DSC thermograms for base-catalyzed epoxy curing systems with multifunctional sec-thiol hardeners.

TGA was performed to examine thermal resistance based on the functionality of the sec-thiol hardener (Figure ). Although the thermal stability of the cured epoxy samples with multifunctional sec-thiol hardeners was similar, the degradation temperature (5 wt % weight loss) slightly decreased in the case of BDMB (333.9 °C), suggesting that the functionality of the sec-thiol hardener did not significantly affect the thermal resistance of the cured epoxy.

Figure 6

TGA thermograms for base-catalyzed epoxy curing systems with multifunctional sec-thiol hardeners.

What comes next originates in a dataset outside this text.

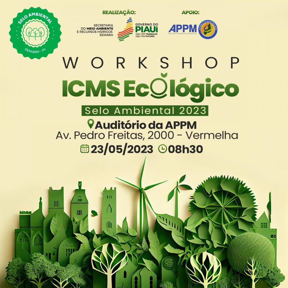 O Governo do Piauí, por meio da SEMARH, e em parceria com a APPM, irá promover, no dia 23 de maio, o Workshop ICMS Ecológico 2023. O evento vai acontecer na sede da APPM, em Teresina, a partir das 8h30, e pretende esclarecer sobre o edital de habilitação e postulação para certificação do selo ambiental e adesão ao ICMS Ecológico.

Industrial-grade epoxy-based materials require not only a short curing time but also long-term stability.[31,32] To evaluate the storage stability of the epoxy mixture with multifunctional sec-thiol hardeners when equivalently formulated with an epoxy resin without a base catalyst, a storage test was performed at three different temperatures (25, 40, and 60 °C) by monitoring the viscosity change (Table ). At 25 °C, the viscosities of the epoxy mixtures were maintained for 7 days. Even at 40 °C, their viscosities did not substantially increase (maximum ∼110%). In contrast, when stored at 60 °C, although the viscosity change was greater than that at 25 °C, their viscosities slightly increased to a maximum of ∼121%. Thus, the sec-thiol hardener offers long-term storage stability for use in a thiol–epoxy curing system.

Table 2

Viscosities of Epoxy Mixtures with Multifunctional sec-Thiol Hardeners under Different Storage Temperatures and Times (Viscosity Unit = cP)

		storage time (day)
hardener	storage temp. (°C)	0	1	3	4	7
BDMB	25	450	450	460	450	450
	40	450	460	470	470	470
	60	450	470	510	640	720
TMPMB	25	1300	1300	1300	1310	1300
	40	1300	1330	1380	1380	1430
	60	1300	1300	1360	1470	1550
PETMB	25	2760	2760	2750	2750	2760
	40	2760	2760	2810	2820	2810
	60	2760	3020	3150	3270	3340

Conclusions

3-MBA was synthesized from crotonic acid and thiourea through the less odorous Michael addition pathway using an isothiouronium salt intermediate. Multifunctional sec-thiols were obtained by the direct esterification between 3-MBA and multifunctional alcoholic compounds, 1,4-butanediol, trimethylolpropane, and pentaerythritol. With the increase in the functionality of the core compounds during the esterification reaction, the purities of the products obtained after distillation decreased, and the production of the uncompleted byproduct increased. The DSC results showed that the curing kinetics of the sec-thiol hardener with DGEBA was slower than that of the primary thiol hardener. In addition, the glass transition temperature increased with the increased functionality of the sec-thiol hardeners, but their thermal stability did not noticeably change. The reduced reactivity of the sec-thiol hardener provided long-term stability compared to that of the primary thiol hardener. The adopted synthetic pathway for the synthesis of 3-MBA may facilitate mass production, and sec-thiol hardeners can prolong pot life for thiol–epoxy mixtures in industrial applications.